The 'Blue Goat' in the small town of Moate is scarcely a model hostel. The entrance-hall is too much encumbered by tramps and beggars of various orders and ages, who not only resort there to take their meals and play at cards, but to divide the spoils and settle the accounts of their several 'industries,' and occasionally to clear off other scores which demand police interference. On the left is the bar; the right-hand being used as the office of a land-agent, is besieged by crowds of country-people, in whom, if language is to be trusted, the grievous wrongs of land-tenure are painfully portrayed—nothing but complaint, dogged determination, and resistance being heard on every side. Behind the bar is a long low-ceilinged apartment, the parlour par excellence, only used by distinguished visitors, and reserved on one especial evening of the week for the meeting of the 'Goats,' as the members of a club call themselves—the chief, indeed the founder, being our friend Mathew Kearney, whose title of sovereignty was 'Buck-Goat,' and whose portrait, painted by a native artist and presented by the society, figured over the mantel-piece.
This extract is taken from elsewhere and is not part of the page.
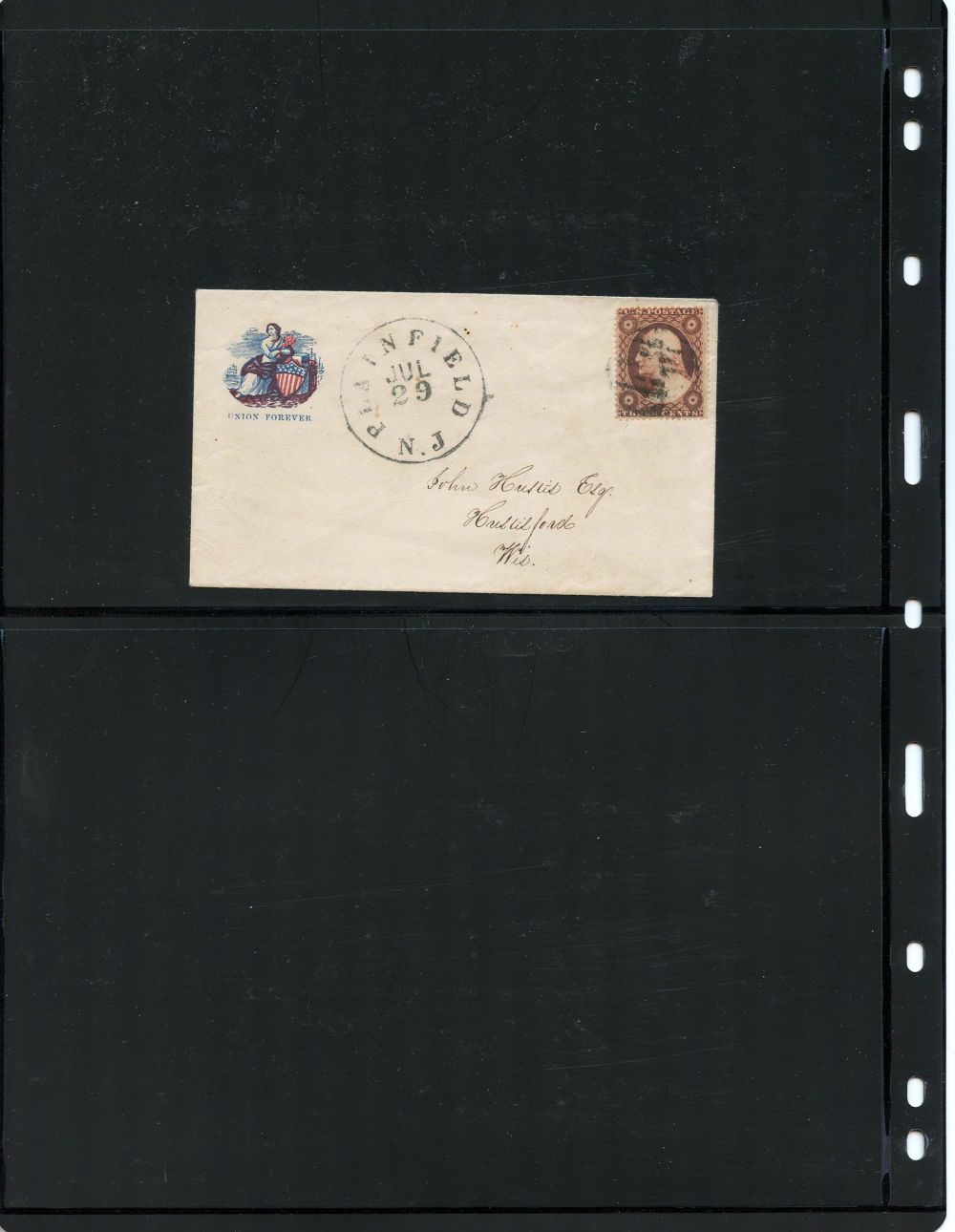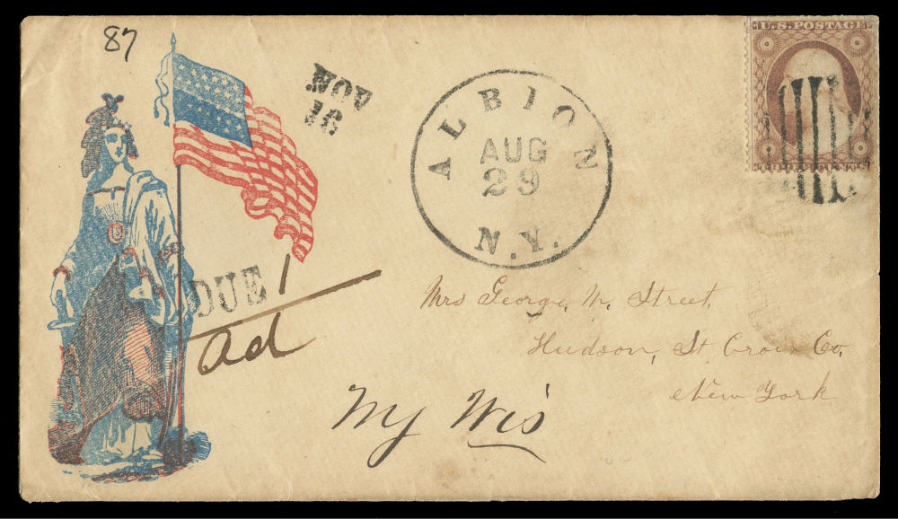 (26) 3¢ dull red Washington Type III tied by black grid cancel on illustrated patriotic cover featuring red and blue Liberty & Flag design at left. Large “Albion NY Aug 29 (1861)” cds at center and matching “DUE 1” with manuscript “Ad” marking at left. Sent to Hudson, incorrectly designated as New York when the recipient was potentially in Hudson, Wisconsin. A late use of the 1857-61 stamp being sent after the demonetization in mid-August. Scruffs on front and tears at bottom of reverse flap.

The village Van Dyck would seem to have invested largely in carmine, and though far from parsimonious of it on the cheeks and the nose of his sitter, he was driven to work off some of his superabundant stock on the cravat, and even the hands, which, though amicably crossed in front of the white-waistcoated stomach, are fearfully suggestive of some recent deed of blood. The pleasant geniality of the countenance is, however, reassuring. Nor—except a decided squint, by which the artist had ambitiously attempted to convey a humoristic drollery to the expression—is there anything sinister in the portrait.
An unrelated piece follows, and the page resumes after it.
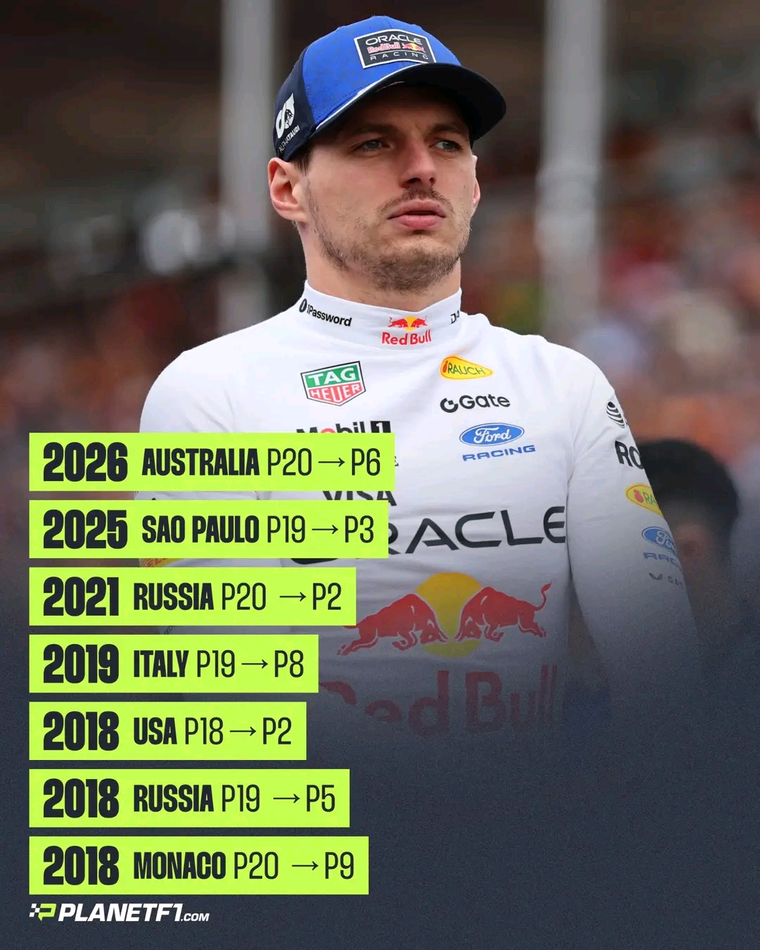 Across the last seven occasions where Max Verstappen started 18th or lower and finished the race, he has always ended inside the top ten โ meaning he secured valuable championship points each time.

An inscription on the frame announces that this picture of their respected founder was presented, on his fiftieth birthday, 'To Mathew Kearney, sixth Viscount Kilgobbin'; various devices of 'caprine' significance, heads, horns, and hoofs, profusely decorating the frame. If the antiquary should lose himself in researches for the origin of this society, it is as well to admit at once that the landlord's sign of the 'Blue Goat' gave the initiative to the name, and that the worthy associates derived nothing from classical authority, and never assumed to be descendants of fauns or satyrs, but respectable shopkeepers of Moate, and unexceptional judges of 'poteen.' A large jug of this insinuating liquor figured on the table, and was called 'Goat's-milk'; and if these humoristic traits are so carefully enumerated, it is because they comprised all that was specially droll or quaint in these social gatherings, the members of which were a very commonplace set of men, who discussed their little local topics in very ordinary fashion, slightly elevated, perhaps, in self-esteem, by thinking how little the outer world knew of their dulness and dreariness.
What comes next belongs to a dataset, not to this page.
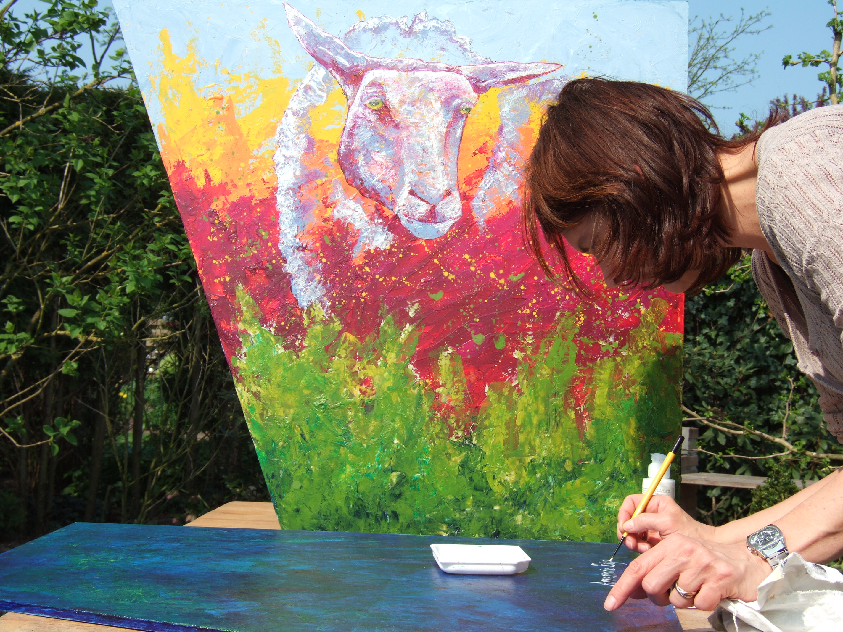 8 april 2009Na nog wat wilde verfstreken, na wat detaillering in de koppen heb ik besloten het hierbij te laten. Ik stuur een paar eigenzinnige schapen naar Terschelling. Nu nog aflakken, inpakken een goede pakkende begeleidende tekst schrijven en dan ben ik ruim op tijd. Heerlijk weer wat ruimte voor andere werken die al tijden smachtend tegen de muur staan om nou eindelijk eens te worden voltooid!

As the meetings were usually determined on by the will of the president, who announced at the hour of separation when they were to reassemble, and as, since his niece's arrival, Kearney had almost totally forgotten his old associates, the club-room ceased to be regarded as the holy of holies, and was occasionally used by the landlord for the reception of such visitors as he deemed worthy of peculiar honour.

It was on a very wet night of that especially rainy month in the Irish calendar, July, that two travellers sat over a turf fire in this sacred chamber, various articles of their attire being spread out to dry before the blaze, the owners of which actually steamed with the effects of the heat upon their damp habiliments. Some fishing-tackle and two knapsacks, which lay in a corner, showed they were pedestrians, and their looks, voice, and manner proclaimed them still more unmistakably to be gentlemen.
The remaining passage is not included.